Living in a Hurried Life
Interview data suggest that being a Hmong parent is not easy. We found that parents in this study had to juggle many demands in addition to parenting their children. Our analyses found two challenges under this theme: inflexible work schedules and family obligations. Sixteen participants (67% of the participants and 50% of their spouses or ex-spouses) were employed in nonstandard work, usually involved in manufacturing and self-employed jobs, and had inflexible work schedules. Nonstandard work refers to jobs that require employees to work during the evenings, nights, and weekends or jobs that occur outside the regular working hours of 8:00 am and 6:00 pm (Li et al., 2014). For example, during our interview, both Bao and her husband told us the reality of their inflexible work schedules and their desire to be involved in their children's schooling. Bao's husband, who decided to quit his job to care for his children and parents, said, "If I keep coming home early, the manager may take notice, and it won't look good for me. I could possibly lose my job." Similarly, Ka, a mother in a blended family of five children, also told us the same: "The two older children, I have a lot of time to spend with them because during that time period I was in school, but later on when I started to work, I didn't really have time to spend with the younger children."

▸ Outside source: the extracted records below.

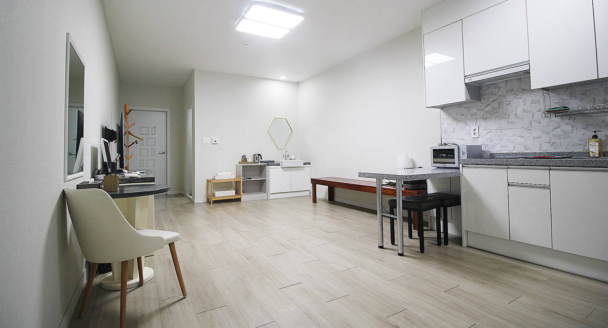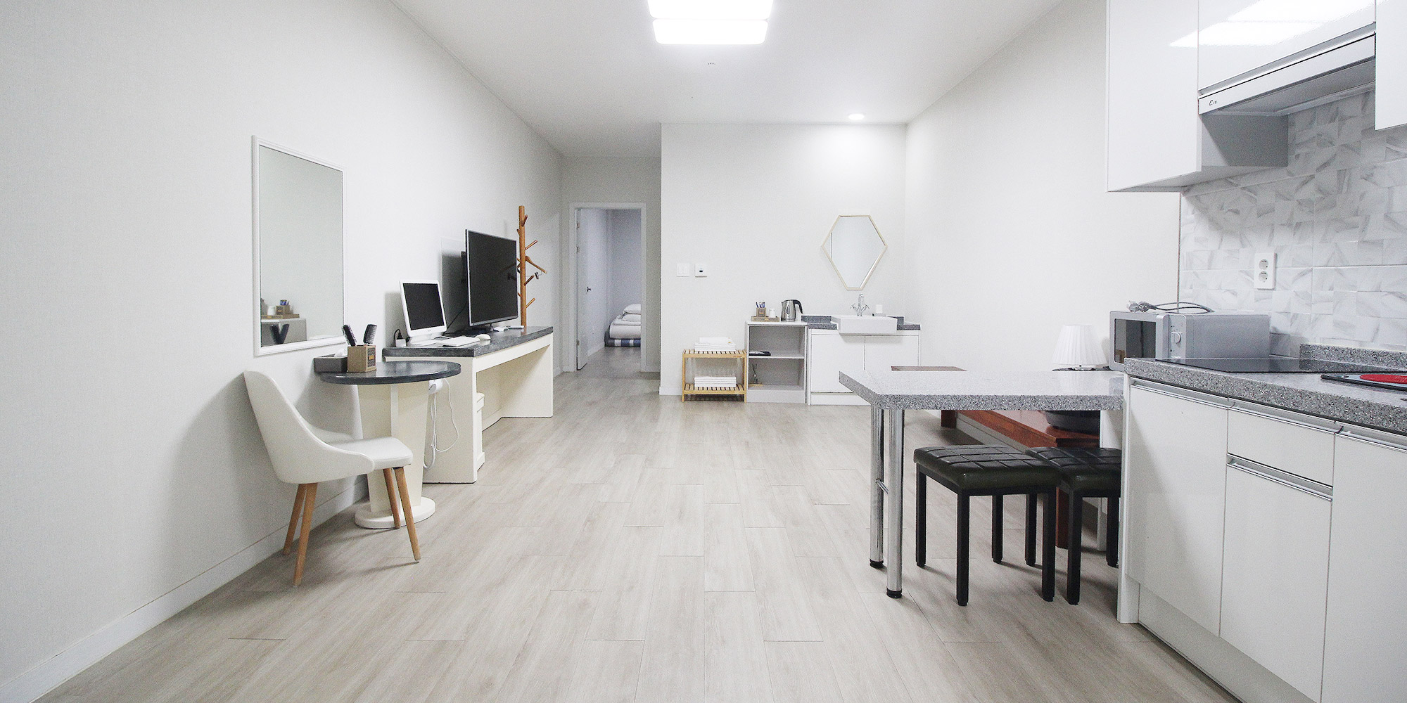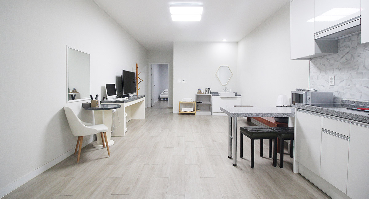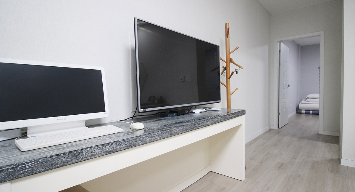 TV, 침대, 식탁, 에어컨, PC, 커피포트, 전기밥솥, 전자렌지, 조리도구일체, 식기일체, 수건, 용품일체 등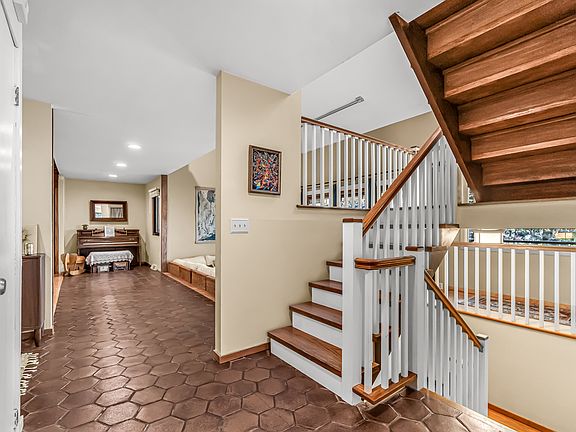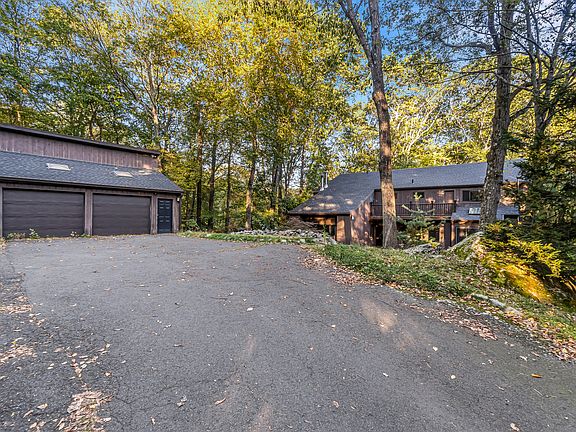 Tucked away on a peaceful cul-de-sac, this 3-bedroom, 3.5-bath Contemporary retreat blends architectural interest with warmth and function. Designed with multi-level living and dramatic sightlines, the home features a step-down living room, step-up dining area, and open staircase that brings in beautiful light and flow. Inside, you'll find vaulted ceilings, skylights, hardwood floors, and transom windows that create a bright and airy feel throughout. The spacious kitchen is ideal for the home chef - boasting granite countertops, abundant cabinetry, and high-end Jenn-Air and ASCO appliances. Upstairs, the primary suite opens to its own private deck - the perfect morning coffee spot. The finished lower level offers an additional 454 sq ft of versatile space, perfect for a recreation room, playroom, or home office. Outdoor living shines here, with multi-level decks featuring built-in seating and planters, a balcony deck off the dining room, and Pella sliders connecting indoor and outdoor spaces seamlessly. A detached two-car garage with loft/workshop provides room for hobbies, storage, or studio space. Set in a private, natural setting yet close to all local conveniences, 4 Old Gate Lane is more than a home - it's a peaceful lifestyle waiting for you.
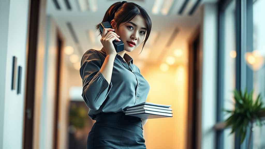 A brunette woman with short hair styled in a ponytail stands in a modern office, elegantly answering the telephone. She wears a sleek skirt and blouse combo, effortlessly holding a stack of notebooks. As she walks towards the camera, the low angle captures her graceful movement in a dynamic pose. The image is detailed and polished, featuring diffused broad light that envelops her figure, with a touch of backlighting creating a subtle bloom effect. Light sparkles gently dance around her, enhanced by a hint of chromatic aberration. Her smooth skin and sharply focused features emphasize her confident demeanor, with particular attention drawn to her expressive, detailed eyes. The composition maintains a sense of depth of field and pristine sharpness, resulting in a masterpiece of modern elegance and professional poise.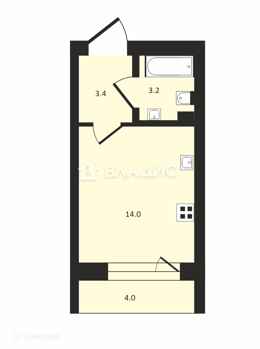 Общая площадь 25.1 м2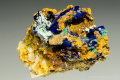 藍銅鉱の結晶上に薄緑色の微小結晶が付いています。濃緑色の孔雀石を伴います。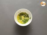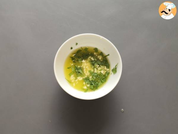 Die Minzblätter und den Knoblauch (in sehr kleine Stücke) mit einem Messer hacken. Anschließend zur Marinade geben, mit Salz und Pfeffer würzen und gut vermischen.

In addition to the inflexible work schedules, four participants (17%) also worked a second job or had a side business to make ends meet. As such, these parents told us that they were extremely overscheduled and rarely had time for their family. Ong, a college educated, second-generation mother of eight children, felt that her family does not have enough time together. She said, "Life is very hurried; mom doesn't get to see the dad, and dad doesn't get to see the mom....Our children have their own schedules, and we have our own. There is no time for them [children]." Bao, a mother who came to the U.S. in the mid2000s, described how busy she is at home as a mother of four this way:
Ah, my schedule.. .I work from 6:00 am to 2:30 pm. Then, I come home to pick up my kids, and at 7:00 or 8:00 pm I have my own business- cleaning people's houses....Yes, from Monday through Friday, I do this all the time....My husband; he has his own business as well during the day... .In the morning, he takes care of my children to go to school. Then, during lunch, he has a chicken farm, then he goes there to watch his chickens for a bit. Then at 9 o'clock, he takes my older child to work, too.

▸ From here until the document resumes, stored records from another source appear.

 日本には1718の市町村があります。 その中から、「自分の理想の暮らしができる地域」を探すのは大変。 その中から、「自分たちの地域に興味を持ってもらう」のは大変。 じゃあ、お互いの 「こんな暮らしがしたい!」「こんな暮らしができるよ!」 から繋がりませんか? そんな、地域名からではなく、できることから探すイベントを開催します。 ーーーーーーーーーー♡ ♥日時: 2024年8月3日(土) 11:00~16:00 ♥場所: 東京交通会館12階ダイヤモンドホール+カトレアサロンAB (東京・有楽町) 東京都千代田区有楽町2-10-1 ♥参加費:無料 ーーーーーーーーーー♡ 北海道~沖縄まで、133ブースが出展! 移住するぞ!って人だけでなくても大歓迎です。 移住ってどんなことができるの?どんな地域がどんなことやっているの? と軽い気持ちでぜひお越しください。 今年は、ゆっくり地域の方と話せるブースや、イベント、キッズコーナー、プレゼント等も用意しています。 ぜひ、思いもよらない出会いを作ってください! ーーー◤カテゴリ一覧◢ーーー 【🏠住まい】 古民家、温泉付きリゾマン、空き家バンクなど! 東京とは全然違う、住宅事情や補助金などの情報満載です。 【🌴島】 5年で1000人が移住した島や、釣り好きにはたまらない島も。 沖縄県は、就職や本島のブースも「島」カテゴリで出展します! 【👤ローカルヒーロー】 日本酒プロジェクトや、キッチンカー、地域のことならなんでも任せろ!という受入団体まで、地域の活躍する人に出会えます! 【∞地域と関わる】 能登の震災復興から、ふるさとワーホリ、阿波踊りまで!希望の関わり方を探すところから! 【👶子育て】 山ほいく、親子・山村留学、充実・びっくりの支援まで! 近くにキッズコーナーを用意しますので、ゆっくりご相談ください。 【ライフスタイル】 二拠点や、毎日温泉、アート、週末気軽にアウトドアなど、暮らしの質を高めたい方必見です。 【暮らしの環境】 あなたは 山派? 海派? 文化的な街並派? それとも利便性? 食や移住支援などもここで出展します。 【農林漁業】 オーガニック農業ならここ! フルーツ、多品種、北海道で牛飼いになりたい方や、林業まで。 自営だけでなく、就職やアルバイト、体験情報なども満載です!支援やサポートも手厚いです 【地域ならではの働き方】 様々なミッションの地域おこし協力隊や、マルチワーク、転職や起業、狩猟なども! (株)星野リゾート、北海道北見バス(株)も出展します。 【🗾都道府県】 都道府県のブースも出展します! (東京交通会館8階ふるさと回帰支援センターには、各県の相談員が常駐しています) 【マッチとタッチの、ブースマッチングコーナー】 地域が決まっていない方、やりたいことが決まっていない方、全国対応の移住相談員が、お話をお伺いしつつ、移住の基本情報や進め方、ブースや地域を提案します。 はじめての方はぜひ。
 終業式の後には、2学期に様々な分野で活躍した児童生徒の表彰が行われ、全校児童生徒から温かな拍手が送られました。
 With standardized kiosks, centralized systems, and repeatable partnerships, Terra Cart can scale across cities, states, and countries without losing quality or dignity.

Outside of their inflexible work schedules and other part-time jobs, all participants also talked about their thick networks of families (kwv tij) and relatives (neej tsa) in their community (Xiong et al., 2013), who they interacted with on a regular basis. Thus, going out to assist other family members and/or relatives during the weekends was a common theme across the interviews. The following quotations illustrate how participants frequently mentioned this:
We have lots of relatives. Some have more relatives than others, so we go join them. There's a gathering almost every weekend. Although we don't have much ourselves... .If our relatives have things going on, we go and help them, which is almost every weekend. (Bao's husband, a father of four children who came to the U.S. in the mid-2000s)

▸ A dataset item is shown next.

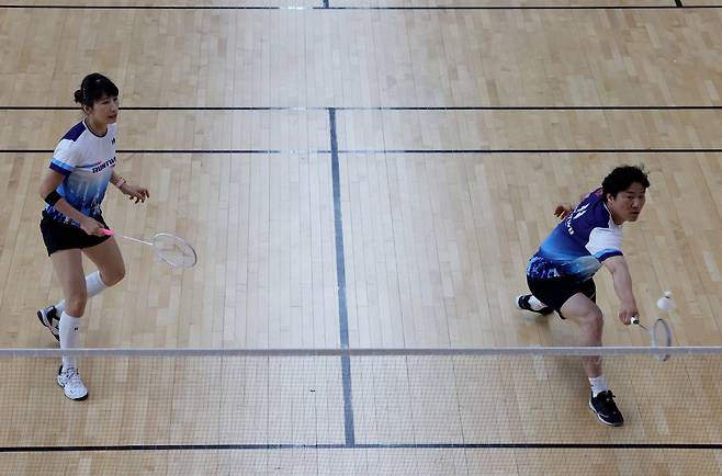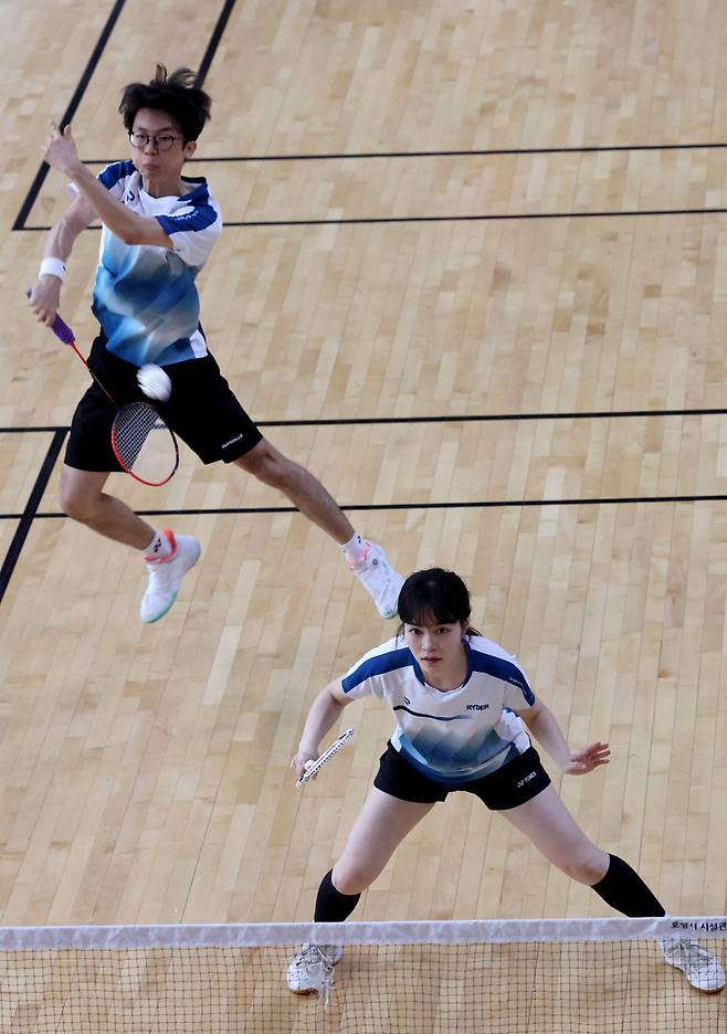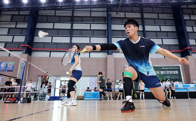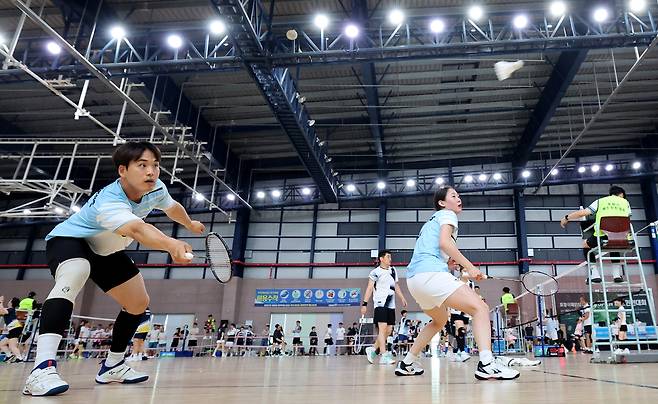 경북매일신문이 주최하고 포항시 배드민턴협회가 주관한 ‘2025 포항 국제 불빛 축제 기념 OPEN 배드민턴대회’가 21일 포항 만인당과 실내체육관에서 열렸다. 혼합복식에 출전한 선수들이 치열한 랠리를 이어가고 있다. /이용선기자 photokid@kbmaeil.com

Similarly, Kalia, a college-educated, single mother of four children, told us this:
My parents live in [City A], and all my brothers live in [City B], while my oldest sister lives in [City C; these are next to each other]... .I got together with my parents about once or twice a month. I also attended big family gatherings and [cared for my mom] if [she] needed me to do something for her.
"IDon't Know How to Help My Children": Barriers to Homework Assistance
Our second theme involves barriers participants encountered as they attempted to assist their children's day-to-day homework. Parents who did not have a college education (52%) stated that they lacked the English language and literacy to help their children, especially when it comes to homework. Mee, a single mother who came to the U.S. in the mid-2000s without any formal education, said: "I am illiterate in English, so I don't know... .If it is a story in Hmong, then I can read it to them. But, if it is in English, then I don't know how to read it to them." Other parents also shared Mee's sentiment and told us that they could only help with their children's schoolwork when they were still in first and second grades. Once their children transitioned to third grade or higher, the homework became too complicated and difficult; therefore, they could no longer support their children. Der, a single mother with only a high school education told us this: "If it's about English or reading, then I don't know how to help them. If it's about helping them, then I can only help with first and second grade. Starting third and fourth grades, their homework is hard for me." Kalia, a college graduate, summed it up this way: "As their mom, it's been a long time since I've been in school, so sometimes if they ask me for help, I don't know anything anymore."
Lack of Help from Spouses
Seven parents (30%), especially mothers, talked about the challenge of having to do everything at home without the support of their spouses or ex-spouses. They told our interviewers that their partners tended to take on the traditional masculine role (Thao, 2020) and refused to take on some of the parenting responsibilities at home, including cooking, taking children to appointments, and attending parent-teacher conferences. Ka, a mother in her second mar- riage who sponsored her husband from Laos, stated that "most of the time, my husband doesn't say much about my children. My husband is around, but he's the one who is working, so he doesn't take care of them much." Der, a divorced mother of six children, went further by telling us this: "Everything is done all by myself; my ex-husband when he still lived with us, he didn't attend conferences or take my youngest son to his appointments. If I don't cook, the kids don't get to eat dinner."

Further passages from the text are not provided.